155.3 World-historical structure and dynamics of protest waves on the global south, 1894–2010

Wednesday, August 1, 2012: 3:00 PM
Faculty of Economics, TBA
Oral
Chungse JUNG , Sociology, Binghamton University, SUNY, NY
In this research, I attempt to examine the world-historical structure and dynamics of protest waves on the global South over the twentieth century. From a world-historical perspective, we can find the process that each single protest located in different regions is linked to each other by the world-scale layer of governance structure and the incidence of popular protest is related to cyclical rhythms of the world-economy, particularly to cycles of global hegemony and rivalry. For overall mapping out world-historical pattern of protest waves, I use the New York Times Index and the Times Index to generate systemic and long-term records of popular protest.

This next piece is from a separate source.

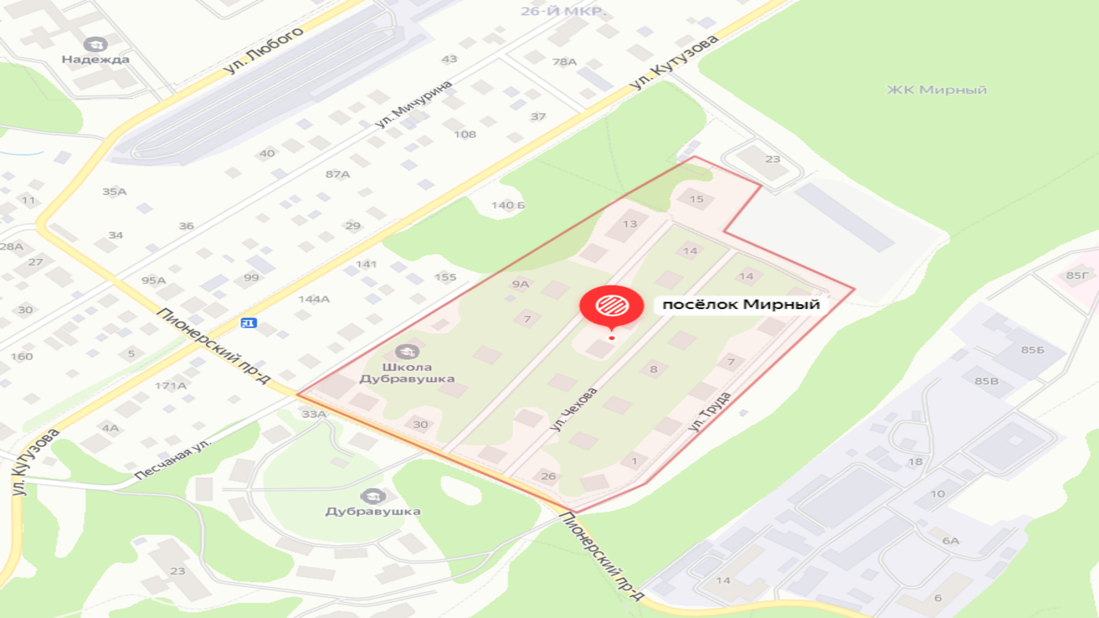 Поселки Обнинское и Мирный, расположенные на окраине города, считаются спальными районами. Здесь преобладает частный сектор, где, к сожалению, все еще можно встретить ветхие дома, подлежащие сносу.

One of the most immediately distinguishable features of the world-historical protest wave in the global South is the interrelationship between worldwide radical mobilizations and the worldwide intensification of nationalism and democratization. In the initial observations, there are found that key movement clusters of the period in overall popular protests in the global South are the year during the great resistance for national liberation and democratization in Latin America, Asia, and Africa in 1929-1937, 1958-1968 and in Asia and Eastern Europe in 1986-1990. The results show to concentrate on charting temporal and spatial diffusion of antisystemic movements across a large set of countries.

From this overview, I draw out the following questions to compare each period and location: First, why did protest activity frequently appear in 1930s, 1960s, and the late 1980s than others? Second, what were the social bases of the protest waves and where were the geographic locations of these clusters? Third, what was the main issue of each protest cluster? Fourth, what kind of movement ideology did support the mobilization? Fifth, what is the interrelationship between the current protest waves and the past protest waves?